The majority of participants reported allocating 15–21 days before the weigh-in for WL (40%), followed by 21 + days (27%), 11–14 days (13%), 8–10 days (10%), 6–7 days (5%), 4–5 days (4%), and 1–3 days (1%). Coaches (78%) were most frequently identified as the primary guides for WL, followed by self-guidance (46%), strength and conditioning coaches (9%), doctors, (3%), parents (2%), nutritionists (1%), and other sources (1%). The primary reason reported for engaging in WL was to compete against lighter opponents to increase the chances of winning (71%), followed by optimizing athletic performance (55%), being above usual weight before a competition (39%), “because everyone else is cutting weight, so I have to do it too” (3%), “my coach told me to lose weight, so I have to do it” (2%), and others (1%). Most participants perceived that WL had no impact on health (49%), whereas 30% perceived it as detrimental and 21% as beneficial. Similarly, a majority perceived WL as beneficial to performance (41%), followed by 34% who reported no impact and 25% who considered it detrimental. Regarding fairness, most participants indicated that WL did not lead to unfair competition (80%), whereas 17% were uncertain and 3% perceived it as unfair. The WL methods used by athletes are shown in Table 3, and the influence of different sources on WL practices is shown in Table 4.
Table 3. Frequency analysis (%) of the weight loss methods used by Chinese male adolescent combat sport athletes (n = 301).
Table 4. Frequency analysis (%) of the sources of influence on the weight loss practices of Chinese male adolescent combat sport athletes (n = 301).
4 Discussion
This study investigated the WL practices, perceptions, and ED symptoms of Chinese male adolescent CS athletes. The primary findings include: (i) the prevalence of WL among male adolescent CS athletes is relatively moderate, but the magnitude of WL is high; (ii) no significant differences in sport discipline, competitive level, or WL practices were observed across athletes with different perceptions of WL regarding health, performance, and fairness; (iii) most of the WL practice variables showing significant differences were observed across sport disciplines and competitive levels; and (iv) during the off-season, habitual WL% and allocated WL duration were significantly associated with ED symptoms and scores.

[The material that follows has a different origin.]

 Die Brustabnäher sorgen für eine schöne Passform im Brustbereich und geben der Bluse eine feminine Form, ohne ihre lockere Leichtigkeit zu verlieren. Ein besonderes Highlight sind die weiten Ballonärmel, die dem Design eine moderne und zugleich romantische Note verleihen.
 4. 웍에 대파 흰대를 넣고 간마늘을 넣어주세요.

In this study, 57% of participants reported intentionally engaging in WL practices, which is lower than previous findings in CS athletes (3), but broadly comparable to rates observed in studies involving adolescent samples (60–73%) (4, 7, 18, 23, 24, 30, 33, 36, 37, 40), and one study of regional-level adult athletes (59%) (46). The prevalence observed here was also lower than that previously reported among adult CS athletes from China (4, 7, 36, 37). This pattern aligns with earlier findings showing that WL prevalence among adolescent CS athletes is generally lower than that of adults (37). A plausible explanation is that some younger athletes may not yet have begun engaging in WL practices, or that the smaller weight-category increments in adolescent divisions reduce the incentive to engage in extreme WL.

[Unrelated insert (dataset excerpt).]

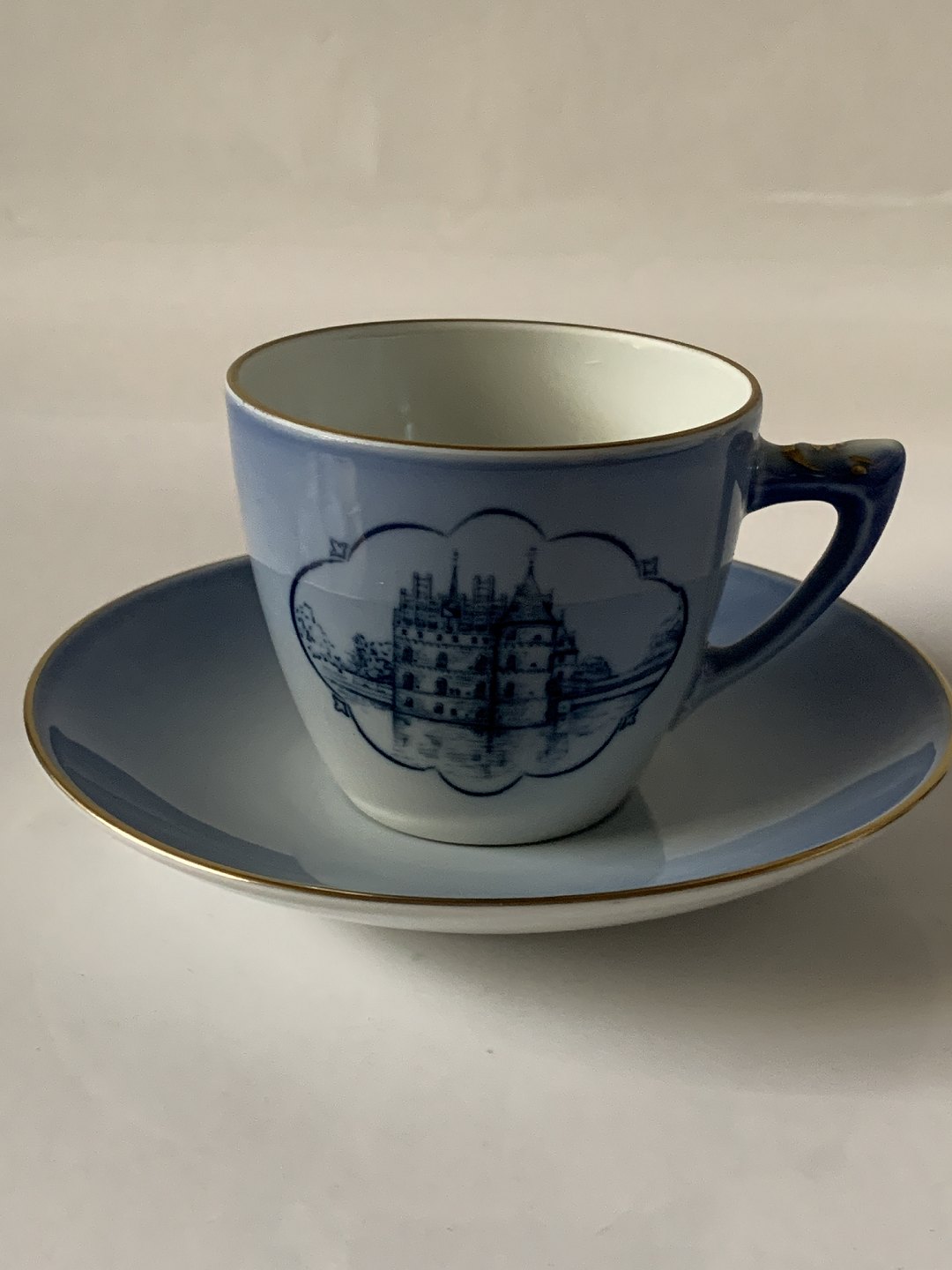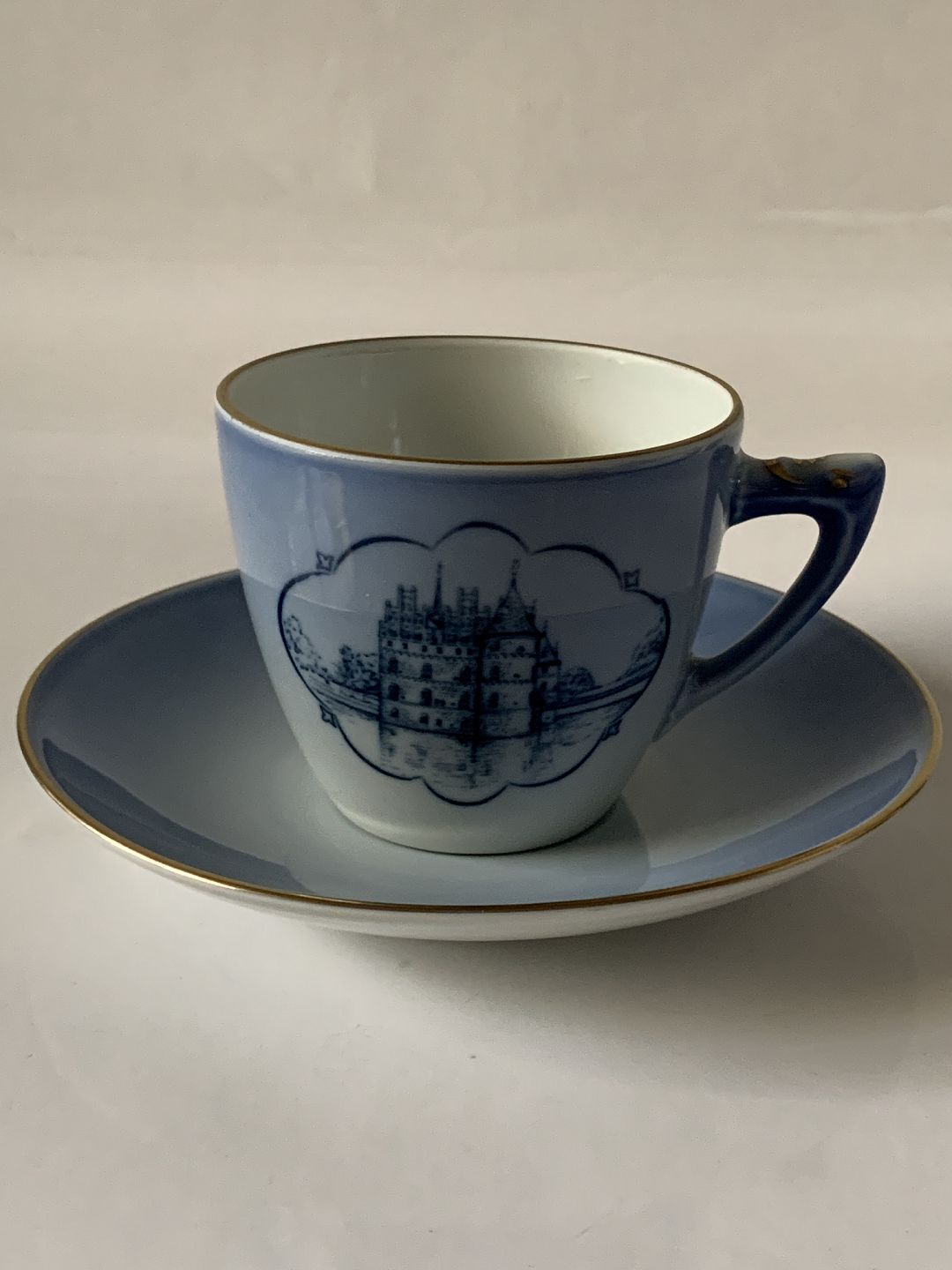 Bing & Grøndahl Slotsstellet, kaffekop og underkop med slottet Egeskov.

The mean habitual WL of participants was 7.2% of BM (Table 2), higher than that reported in most previous studies of CS athletes (1.8–6.7%) (3, 4, 37), and similar to studies in sambo (7.4%) (27), mixed sport disciplines (7.8%) (7), and lower than studies in Muay Thai (10.6%) (16), sanda (10.8%) (45), and MMA (8.9–13.0%) (17, 25, 31, 44). Similarly, the highest WL was 9.6% of BM, comparable to or higher than most previous studies (4.7–9.6%) (3, 4, 37), and lower than to some of those observed in MMA (10.2–17.5%) (17, 25, 31, 44), sambo (10.6%) (29), Muay Thai (13.9%) (16), visually impaired judo (10.0%) (33), mixed sport discipline (10.3%) (7), and sanda (10.3–10.8%) (36, 45). These results suggest that the habitual and highest WL% of male adolescent CS athletes in the present study were exceptionally high, even higher than the WL% reported in most adult sample studies. Although most athletes allocated more than 2 weeks before the weigh-in for WL, a proportion considerably higher than that reported in other studies (13–31%) (30, 32, 46, 64), prolonged periods of energy deficiency, particularly among 12- to 17-year-old athletes, may still pose serious health risks, such as impaired bone mineralization and stunted height development (8, 52). It is worth noting that heightened competitiveness of national events (where athletes experience greater pressure to gain a competitive edge by reducing a significant amount of BM in national competitions) and more extensive WL experience among national-level athletes likely contribute to the higher WL% observed in this group.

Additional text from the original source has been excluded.